Bellone surprised everyone last year by announcing his re-election bid two years early. More inexplicably, he put out his first campaign mailing last month, when letter boxes already were crammed with campaign pieces from this year's candidates. But lately, Bellone has dropped 50 pounds and raised his public profile.

Deputy County Executive Jon Schneider said Bellone has a strong record, cutting the county payroll by 1,100 positions, saving $100 million a year; winning voter approval for merging the treasurer's and comptroller's offices; and closing the county nursing home.

"It shows Bellone has got Suffolk heading in the right direction," Schneider said. Politically, Bellone also is formidable with $936,000 in the bank and strong police union backing.

Topping any GOP list, experts say, are state Sen. John Flanagan (R-East Northport) and Brookhaven Supervisor Edward P. Romaine.

Flanagan is a proven vote-getter in a district spanning Huntington, Smithtown and Brookhaven. But Flanagan, who passed on the 2011 county executive race, is key to the new GOP Senate majority to be headed by state Sen. Dean Skelos (R-Rockville Centre).

Flanagan did not return calls last week, but one high-level Republican source said the lawmaker is "seriously considering" a run. "He has statewide aspirations and it's better to jump off from a county than just a Senate district," the source said. "And you never know what can happen in 2016," alluding to the possible fate of a GOP Senate majority in a presidential year with higher Democratic turnouts.

Flanagan would not have to give up his seat to run, and if he wins, GOP officials say Assemb. Michael Fitzpatrick (R-St. James) could keep the seat in GOP hands.

Romaine, head of Suffolk's largest town, is well-versed as a former county lawmaker and unafraid of battles. But, he says, "I have no interest in the race and I'm not contemplating running for county executive."

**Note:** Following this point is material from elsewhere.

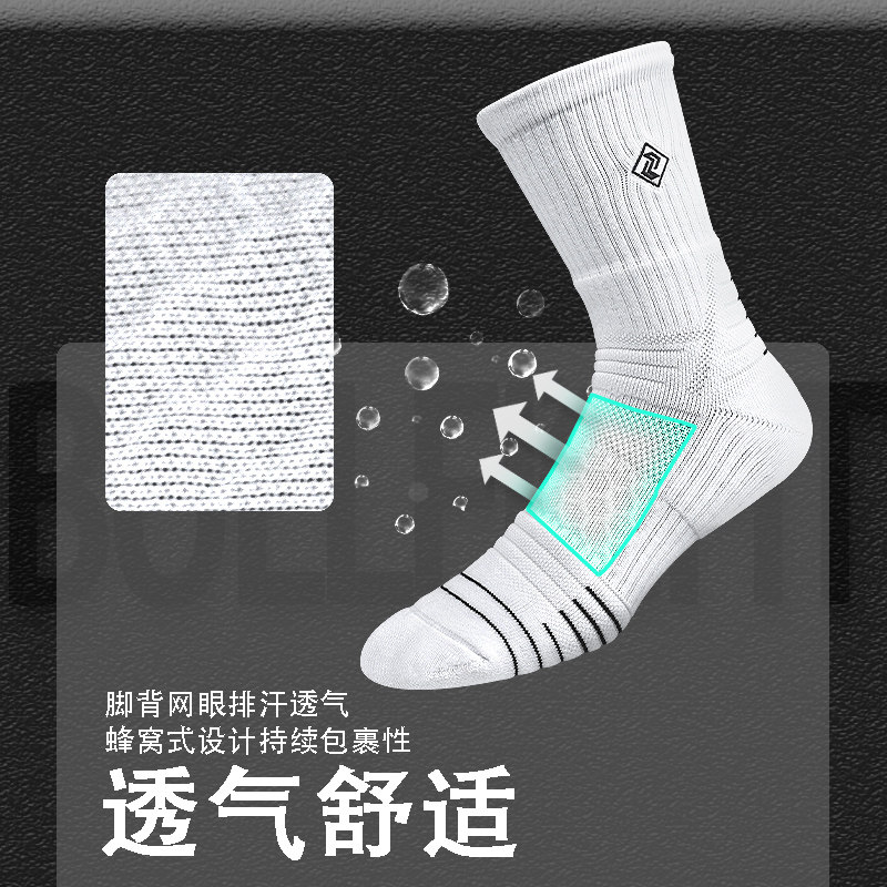 📚 左右力量篮球袜男春夏中筒高帮毛巾底防滑专业实战精英运动袜斗牛

That's because Romaine would have to gamble on winning because the supervisor's job is also up next year. In the strange alchemy of Brookhaven GOP politics, party officials prefer to keep a firm hold on the town and its 1,000 jobs -- rather than share patronage jobs with nine other GOP town committees if Romaine became county executive.

A second tier of contenders includes Fitzpatrick, Albany's most conservative lawmaker, who like Kennedy wins by large margins in his Smithtown base. More important, Fitzpatrick can run without risking his Assembly seat. Others cite two-term Islip Town Board member Trish Bergin Weichbrodt, a former TV newswoman. Treasurer Angie Carpenter, Bellone's GOP opponent in 2011, said Bergin would bring that "unique women's perspective" to the contest.Paul Sabatino, former chief deputy county executive, said Republicans should not waste their momentum, and that this election proved money is not decisive.

"Republicans have been losing county races for so long -- especially with all the cross-endorsements -- they have forgotten what it's like to run competitive [countywide] races," Sabatino said. "But when the big mo kicks in, all the sunshine patriots come out . . . and join the parade."